How to Self-Publish: eBooks and Kindle

Most of my discussion so far has been regarding paperback books. However, it’s pretty simple to also offer eBooks, and a great way to increase your readership, as well as give more value to your customer.

Converting files to eBook

It’s not hard to use a converter like Calibre and convert your existing PDF to ePub, and offer it as a file on your own site.  Calibre is free and simple to use.  It’s just a few mouse clicks to do most conversions.

However, Lulu.com and Kindle Direct Publishing also offer ways of doing that, as do many of the other self publishing sites.

CreateSpace makes it especially easy to offer an eBook of your work. At the end of your publishing process, they will ask if you want them to convert your existing work to Kindle. Then they send you over to Kindle Direct Publishing, where you can set your prices and territories. You have to wait about a day for review on those as well but it’s not a big deal. There is no fee for that either.

You can even offer a package where someone can get an ebook version of your book, either cheaply or for free, when they buy a print copy.

Kindle Select

When you tell them to bring your book over to Kindle, I highly recommend taking a copy of your book and converting it to .doc. That makes a much better looking product and the Kindle software has an easier time converting. LibreOffice does that easily, it’s just a matter of hitting “save as” and selecting “.doc” in the file dropdown.

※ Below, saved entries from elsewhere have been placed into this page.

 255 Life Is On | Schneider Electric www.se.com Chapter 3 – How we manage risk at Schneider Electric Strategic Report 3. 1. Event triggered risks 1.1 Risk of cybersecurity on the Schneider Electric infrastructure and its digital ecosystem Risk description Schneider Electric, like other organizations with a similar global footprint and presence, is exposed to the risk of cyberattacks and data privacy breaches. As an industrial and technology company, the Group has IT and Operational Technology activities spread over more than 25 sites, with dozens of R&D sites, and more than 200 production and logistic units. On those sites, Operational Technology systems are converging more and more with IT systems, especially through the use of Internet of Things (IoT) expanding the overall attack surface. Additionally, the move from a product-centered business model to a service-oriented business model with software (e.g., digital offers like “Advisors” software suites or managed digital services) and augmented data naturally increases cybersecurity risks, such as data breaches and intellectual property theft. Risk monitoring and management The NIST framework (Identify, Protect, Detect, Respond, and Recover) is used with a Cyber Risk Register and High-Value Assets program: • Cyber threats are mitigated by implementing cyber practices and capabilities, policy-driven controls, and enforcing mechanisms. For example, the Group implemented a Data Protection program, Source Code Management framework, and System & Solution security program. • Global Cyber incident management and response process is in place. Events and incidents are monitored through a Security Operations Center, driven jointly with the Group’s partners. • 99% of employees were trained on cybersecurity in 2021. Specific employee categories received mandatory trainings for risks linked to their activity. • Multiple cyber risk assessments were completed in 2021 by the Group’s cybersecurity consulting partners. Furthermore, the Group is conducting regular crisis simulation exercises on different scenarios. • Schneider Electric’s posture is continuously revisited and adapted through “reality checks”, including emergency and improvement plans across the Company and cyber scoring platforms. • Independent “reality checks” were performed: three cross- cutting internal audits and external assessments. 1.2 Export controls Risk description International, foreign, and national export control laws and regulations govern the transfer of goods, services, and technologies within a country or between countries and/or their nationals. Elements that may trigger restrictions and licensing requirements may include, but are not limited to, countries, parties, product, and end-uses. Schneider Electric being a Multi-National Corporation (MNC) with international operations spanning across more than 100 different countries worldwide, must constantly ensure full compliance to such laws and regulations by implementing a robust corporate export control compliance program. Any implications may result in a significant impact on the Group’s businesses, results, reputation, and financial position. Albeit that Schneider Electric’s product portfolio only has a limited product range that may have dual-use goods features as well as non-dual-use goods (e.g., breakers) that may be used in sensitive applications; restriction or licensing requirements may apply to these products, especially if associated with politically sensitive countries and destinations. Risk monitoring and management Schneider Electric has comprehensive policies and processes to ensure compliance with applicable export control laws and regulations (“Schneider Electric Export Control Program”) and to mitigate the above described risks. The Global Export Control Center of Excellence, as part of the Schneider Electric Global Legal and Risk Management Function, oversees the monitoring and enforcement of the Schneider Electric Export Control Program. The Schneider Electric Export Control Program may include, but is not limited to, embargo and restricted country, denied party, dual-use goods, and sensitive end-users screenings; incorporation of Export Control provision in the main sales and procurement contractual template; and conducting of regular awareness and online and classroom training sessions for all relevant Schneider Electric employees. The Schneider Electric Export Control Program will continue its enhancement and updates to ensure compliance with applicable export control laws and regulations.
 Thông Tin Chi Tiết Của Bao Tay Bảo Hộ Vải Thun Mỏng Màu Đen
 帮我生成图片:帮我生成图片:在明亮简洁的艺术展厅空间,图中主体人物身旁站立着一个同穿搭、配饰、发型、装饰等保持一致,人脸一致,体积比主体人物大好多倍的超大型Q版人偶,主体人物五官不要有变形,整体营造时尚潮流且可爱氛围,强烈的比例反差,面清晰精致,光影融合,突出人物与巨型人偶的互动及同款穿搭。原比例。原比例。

You will also be offered to join Kindle Select. I usually do this as it offers some great benefits. It lets you run promotions for your book at no cost to you, lets you take a bigger cut of the profits, and gives you more sales options. The only tradeoff is you are agreeing to only sell your eBook on Kindle while you are a member of Kindle Select, but it’s a limited term in case you change your mind later. I’ve never regretted it.

Kindle Select also makes your book free to people who have Amazon Prime. You’re still paid when they read it – you are paid a proportion of the profits, which usually works out to be about a half a cent per page. It’s great to be able to say to your buyers “check out my book for free if you already have the Kindle subscription.”

If you end up using CreateSpace, your paperback and Kindle versions will show up on the same Amazon listing and that makes it really easy for customers to pick what they want.  It also means that if a person reviews your paperback version, that review will be visible on the Kindle version, and vice versa.

eBook covers

The only other note about eBooks as opposed to print books, is the cover is a little different. You only need the front half of the cover. I generally go into Gimp, use rectangle select to isolate the part I want, hit “crop to image,” save that new file, then boom. Done.

Some people do the Kindle or eBook version first, then set up a paperback later, some do the other way around.  Either way is fine.  Kindle Direct Publishing is starting a feature where they convert your Kindle boosk to paperback without you having to use CreateSpace, but that option is currently very new and I haven’t used it yet.